** Opening DATASET RECORDS block **
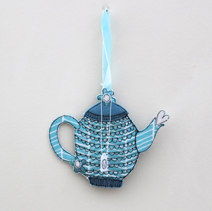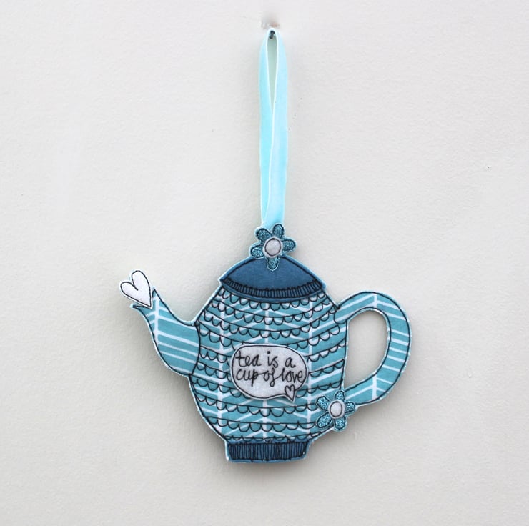 'tea is a cup of love' teapot is handmade using turquoise fabric printed with white lines, sewn scolloped lines, a 100% wool felt fabric lid and base, two glitter fabric flowers, a sewn 'tea is a cup of love' label and a turquoise velvet ribbon to hang.
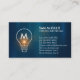 Le carte de visite de l'entrepreneur en électricité Monogram Electrician dispose d'une icône d'ampoule sur une texture métallique fausse bleue. Idéal pour l'électricité, l'électricité, l'entrepreneur, l'électricité, l'entrepreneur, l'homme à main, la réparation de maison, la réparation de maison.
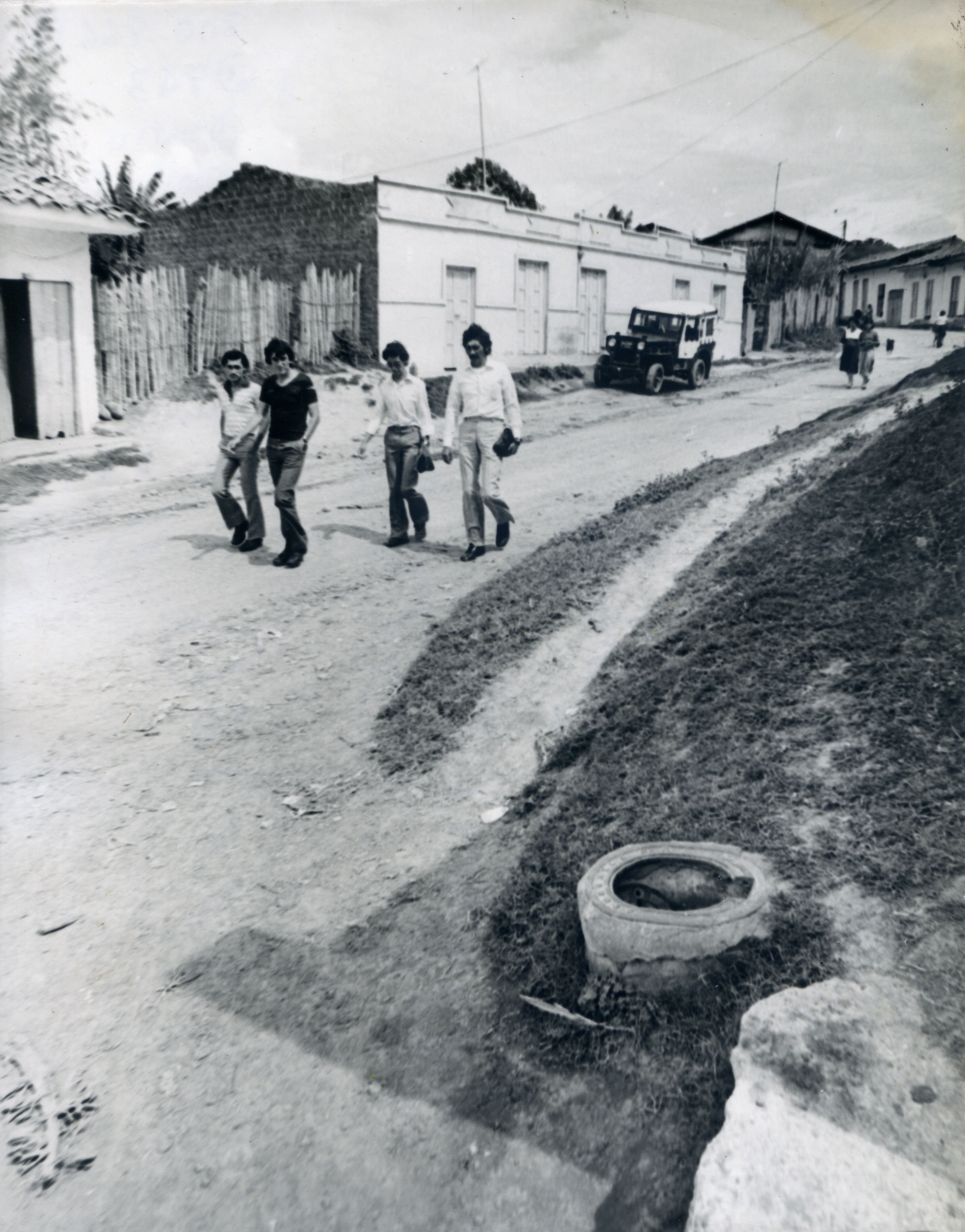 Calle sin pavimentar en el municipio de El Dovio y transeúntes.
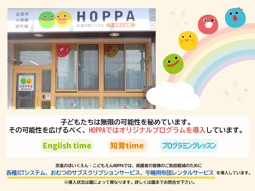 ■延長保育料:30分の利用につき500円 (以降30分ごとに500円)
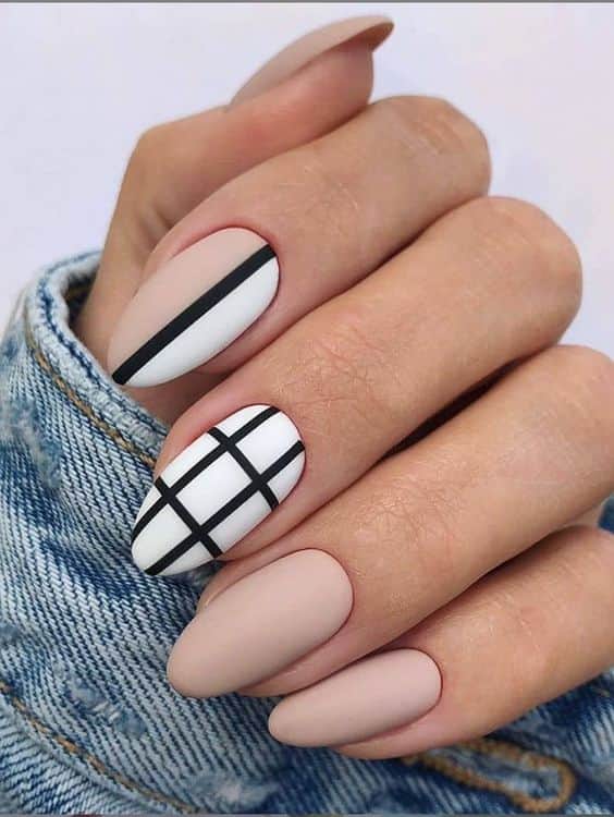 4. Almond Nails with Check
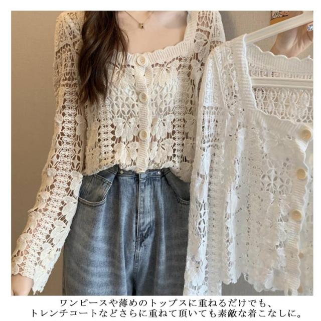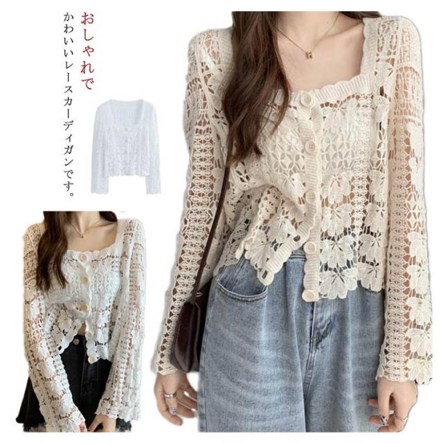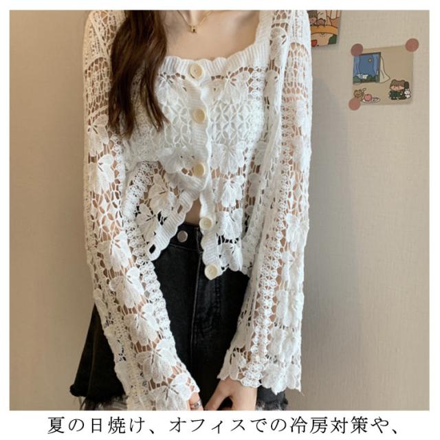 送料無料 カーディガン レディース 薄手 総レース 羽織り 花柄 刺繍 ガウン 個性 オシャレ アウター 水着 UVカット 日焼け 冷房対策 かわいい 新作
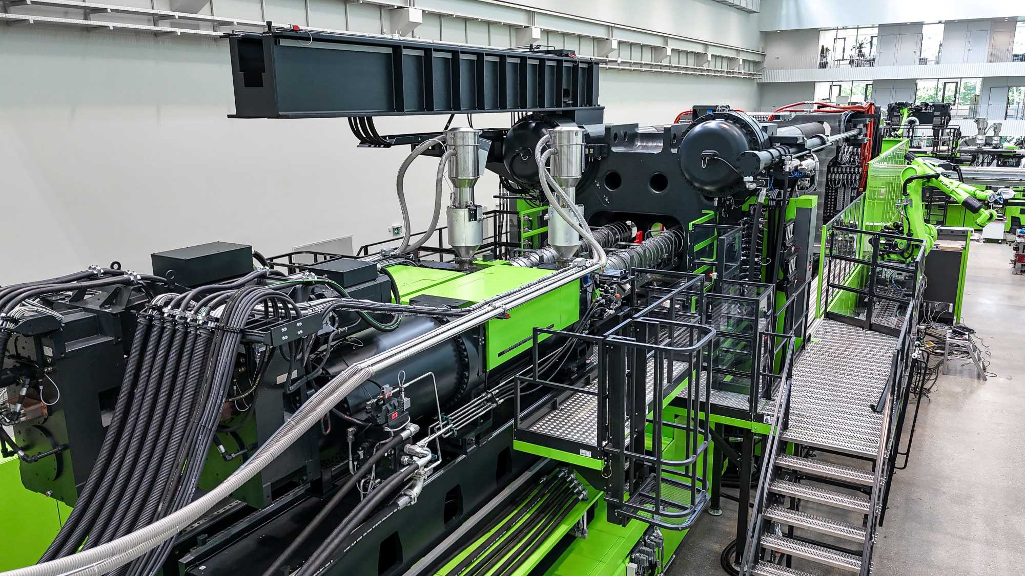 Il noto costruttore Engel ha ampliato il proprio centro tecnico di St. Valentin, in Austria, con una delle più grandi presse a iniezione al mondo installate in un centro di questo tipo: la duo 5500 combi M. Con una forza di chiusura di 55000 kN, 32 m di lunghezza, 13 m di larghezza e 6,8 m di altezza, questa macchina stabilisce nuovi standard.
** Closing DATASET RECORDS block **
- _WORK ITEM_
Nothing but the records, restated word for word and stripped of images, belongs in the answer.

- _ANSWER_
 'tea is a cup of love' teapot is handmade using turquoise fabric printed with white lines, sewn scolloped lines, a 100% wool felt fabric lid and base, two glitter fabric flowers, a sewn 'tea is a cup of love' label and a turquoise velvet ribbon to hang.
 Le carte de visite de l'entrepreneur en électricité Monogram Electrician dispose d'une icône d'ampoule sur une texture métallique fausse bleue. Idéal pour l'électricité, l'électricité, l'entrepreneur, l'électricité, l'entrepreneur, l'homme à main, la réparation de maison, la réparation de maison.
 Calle sin pavimentar en el municipio de El Dovio y transeúntes.
 ■延長保育料:30分の利用につき500円 (以降30分ごとに500円)
 4. Almond Nails with Check
 送料無料 カーディガン レディース 薄手 総レース 羽織り 花柄 刺繍 ガウン 個性 オシャレ アウター 水着 UVカット 日焼け 冷房対策 かわいい 新作
 Il noto costruttore Engel ha ampliato il proprio centro tecnico di St. Valentin, in Austria, con una delle più grandi presse a iniezione al mondo installate in un centro di questo tipo: la duo 5500 combi M. Con una forza di chiusura di 55000 kN, 32 m di lunghezza, 13 m di larghezza e 6,8 m di altezza, questa macchina stabilisce nuovi standard.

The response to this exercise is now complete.